The introduction itself is a fine and thought-provoking piece of writing, here's a snippet:
"No good poem ever steps fully into the light or becomes completely accessible, but remains, instead, almost infinitely approachable. This dark is nurturing: belief in it results in the uncomfortable conviction that it is not the poem's job to explain itself. Rather, the poem is there to affect the reader, to mean something to them that is immediate and powerful, however complex that encounter may prove to be."
I was pleased to get my contributor's copy of Gutter Mag in this morning, it was great reading poems from JoAnne McKay, Colin Will, Sally Evans and fellow Calder Wood Press poet Judith Taylor. It really is a fantastic magazine, packed full of short stories as well as poems. I haven't read the stories yet, just the poems. I particularly enjoyed Dilys Rose's poem 'Yellow Polka Dot Dress': "In the style of downtown Louisaiana, circa 1955 - / Was that when Mum and Retro were born?" (actually my mum was born in 1955 so that made me smile!). Also liked Robert Marsland's 'Poetry' with its "white broth / power", Rizanwan Akhtar's 'Bride from Lahore': "wobbling on the pointed heels / smile-collecter she walks / with a market-logic", Jim Stewart's 'Hive' sequence, Jim Carruth's rural poems and loads more including Gaelic translations, translations from Arabic and translations from a contemporary Swiss poet.

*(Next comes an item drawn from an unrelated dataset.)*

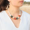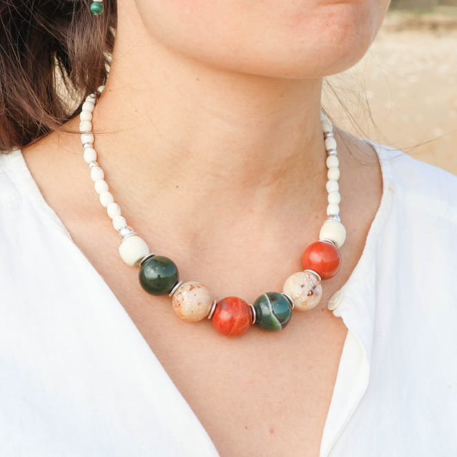 Laissez-vous séduire par le collier Mozza, un mélange de couleurs vives et de métal argenté. Ce collier apporte une touche de gaieté et de lumière à votre style. Les perles en jaspe rouge, agate vert, bois blanc et en howlite blanc rappellent les joyeux reflets des vacances au soleil.

The Editorial was a very interesting read, talking about the lack of quality poems submitted in Scots: "Good writing in Scots is not a matter of changing was to wiz", this made me smile as I thought about my experiment the other year of 'translating' one of my poems into Scots! It raises a lot of interesting questions about the diminished ability of Scottish writers to write in Scots. I'm the first to admit that I don't / can't write in Scots, I maybe throw in the odd Scots word but to write a whole poem in Scots would require supreme effort. Yet perhaps I ought to be making that effort, afterall I do speak Scots to a certain degree, but it doesn't come natural to write in it. Part of the problem is there doesn't seem to be strict grammatical rules governing Scots so trying to write in it feels like abandoning all the ingrained certainty of the english language and that's not easy to do. Plus there's that niggling feeling that Scots is just poor / lazy english, these days they encourage school children to write in Scots, they certainly didn't do that when I was at school! But it's about the preservation of indigenous culture, heritage and identity and what it comes down to is the fact that "people are not engaging in written form with the language they speak on a daily basis". Poetry is about communication and I guess I'm missing out on being able to communicate a core part of my identity by not writing in Scots, coming to realise this makes the issue suddenly more important to me than it was previously.